Body system 102.00 in the SSA Blue Book covers vision, hearing, and speech disorders for children (Part B). SSA uses these listings at step 3 of its five-step disability evaluation. If your medical evidence meets one of the listings on this page, your claim is approved without the disability examiner moving on to past-work and labor-market analysis at steps 4 and 5.
Most claimants who do not meet a listing in this body system can still be approved at later steps based on their residual functional capacity, age, education, and past work. The medical evidence you build for a listing-match argument is the same evidence those later steps rely on, so the listing criteria are useful to read even when a claim looks like a step-5 approval candidate.
Body system code
102.00
Part B (children)
Active listings
5
Specific impairments
Audience
Children under 18
SSA disability evaluation
Step in evaluation
3 of 5
Listing match approves the claim
Active listings under 102.00
Every listing below has current SSA-published criteria. Codes that SSA reserved for future use or has withdrawn since 1985 are not included. Click a listing where a plain-English breakdown is available, or follow the regulation link for SSA's exact text.
| Code | Listing | Reference |
|---|---|---|
| 102.02 | Loss of central visual acuity | ssa.gov |
| 102.03 | Contraction of the visual field in the better eye, with | ssa.gov |
| 102.04 | Loss ofvisual efficiency, or visual impairment, in the better eye | ssa.gov |
| 102.10 | Hearing loss not treated with cochlear implantation | ssa.gov |
| 102.11 | Hearing loss treated with cochlear implantation | ssa.gov |
Source: SSA Blue Book, body system 102.00. Last synced 2026-05-04.
How SSA describes this body system
Excerpted from SSA's regulatory introduction at the top of the body-system page. Full text and all subsection cross-references live on ssa.gov.
Special Senses and Speech A. How do we evaluate visual disorders? 1. What are visual disorders? Visual disorders are abnormalities of the eye, the optic nerve, the optic tracts, or the brain that may cause a loss of visual acuity or visual fields. A loss of visual acuity limits your ability to distinguish detail, read, do fine work, or perform other age-appropriate activities. A loss of visual fields limits your ability to perceive visual stimuli in the peripheral extent of vision. 2. How do we define statutory blindness? Statutory blindness is blindness as defined in sections 216(i)(1) and 1614(a)(2) of the Social Security Act (Act). a. The Act defines blindness as central visual acuity of 20/200 or less in the better eye with the use of a correcting lens. We use your best-corrected central visual acuity for distance in the better eye when we determine if this definition is met. (For visual acuity testing requirements, see 102.00A5 .) b. The Act also provides that an eye that has a visual field limitation such that the widest diameter of the visual field subtends an angle no greater than 20 degrees is considered as having a central visual acuity of 20/200 or less. (For visual field testing requirements, see 102.00A6 .) c. You have statutory blindness only if your visual disorder meets the criteria of 102.02A , 102.02B , or 102.03A . You do not have statutory blindness if your ...
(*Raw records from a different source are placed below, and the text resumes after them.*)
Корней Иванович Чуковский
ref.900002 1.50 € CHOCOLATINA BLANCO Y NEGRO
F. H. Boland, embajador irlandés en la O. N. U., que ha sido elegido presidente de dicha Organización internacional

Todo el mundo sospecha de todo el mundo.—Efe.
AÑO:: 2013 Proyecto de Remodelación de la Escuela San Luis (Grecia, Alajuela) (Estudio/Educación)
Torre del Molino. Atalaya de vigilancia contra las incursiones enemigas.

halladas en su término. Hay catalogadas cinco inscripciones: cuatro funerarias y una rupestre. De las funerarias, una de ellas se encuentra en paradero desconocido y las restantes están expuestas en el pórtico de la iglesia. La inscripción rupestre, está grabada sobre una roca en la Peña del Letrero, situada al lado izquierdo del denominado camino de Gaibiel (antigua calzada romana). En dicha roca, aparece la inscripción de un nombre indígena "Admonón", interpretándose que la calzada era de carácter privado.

Read the full text on the SSA Blue Book 102.00 page.
What happens during a claim under 102.00
The disability examiner assigned to your claim looks for medical records that match the lettered criteria of one of the listings above. The examiner does not diagnose you and does not weigh symptoms in isolation. They line up the listing's required findings against your records and decide whether the records contain enough to satisfy the listing as written.
If your records meet a listing, the claim is approved at step 3. If not, the examiner moves on to evaluating your residual functional capacity (RFC) at steps 4 and 5. RFC is a description of what work activity you can still do despite your impairments. The listings inform the RFC because the same medical evidence the listings ask for is the evidence the examiner uses to write the RFC. The disability overview walks through the full five-step evaluation in plain English.
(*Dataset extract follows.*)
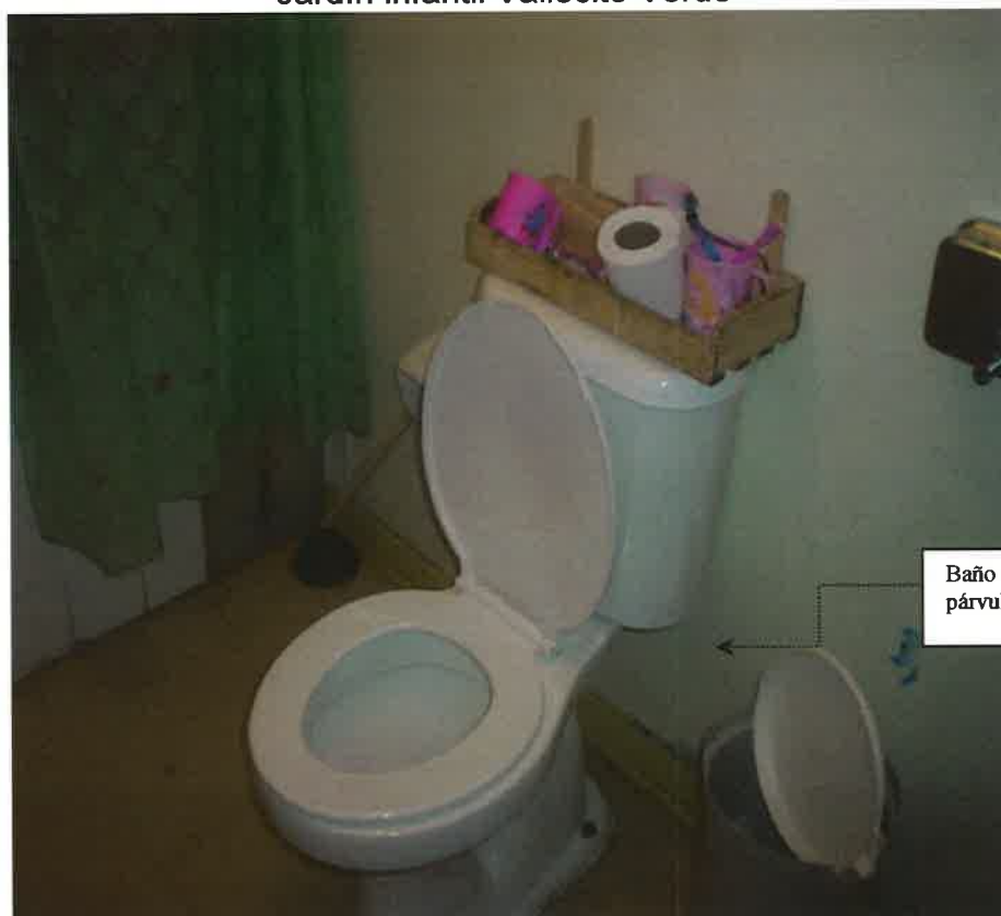
Jardín infantil Vallecito Verde

Work activity, SGA, and the SSDI gate
A claim under any Blue Book listing is denied at step 1 if you are working at or above the substantial gainful activity threshold. SGA is the monthly earnings test SSA applies before any medical evaluation. Earning above SGA in countable work activity means SSA never reaches the listings on this page. Earning below SGA, or being out of work entirely, lets the medical evaluation proceed.
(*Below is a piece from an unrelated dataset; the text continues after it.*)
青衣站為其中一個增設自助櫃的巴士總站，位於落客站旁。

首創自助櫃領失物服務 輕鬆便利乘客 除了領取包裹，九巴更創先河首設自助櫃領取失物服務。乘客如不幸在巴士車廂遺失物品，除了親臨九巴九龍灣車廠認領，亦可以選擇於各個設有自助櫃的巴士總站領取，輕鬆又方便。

Once you are approved and receiving SSDI, the trial work period and extended period of eligibility apply differently than at the initial-application stage. Both are explained on the SGA amount page with year-by-year thresholds since 1975.
Adult listings for the same body system
SSA publishes a parallel body system at 2.00 for the adult (18 and over) side of the same conditions. Many listings cross over with tighter functional thresholds for the children's version. The Special senses and speech page covers the 7 active listings on that side.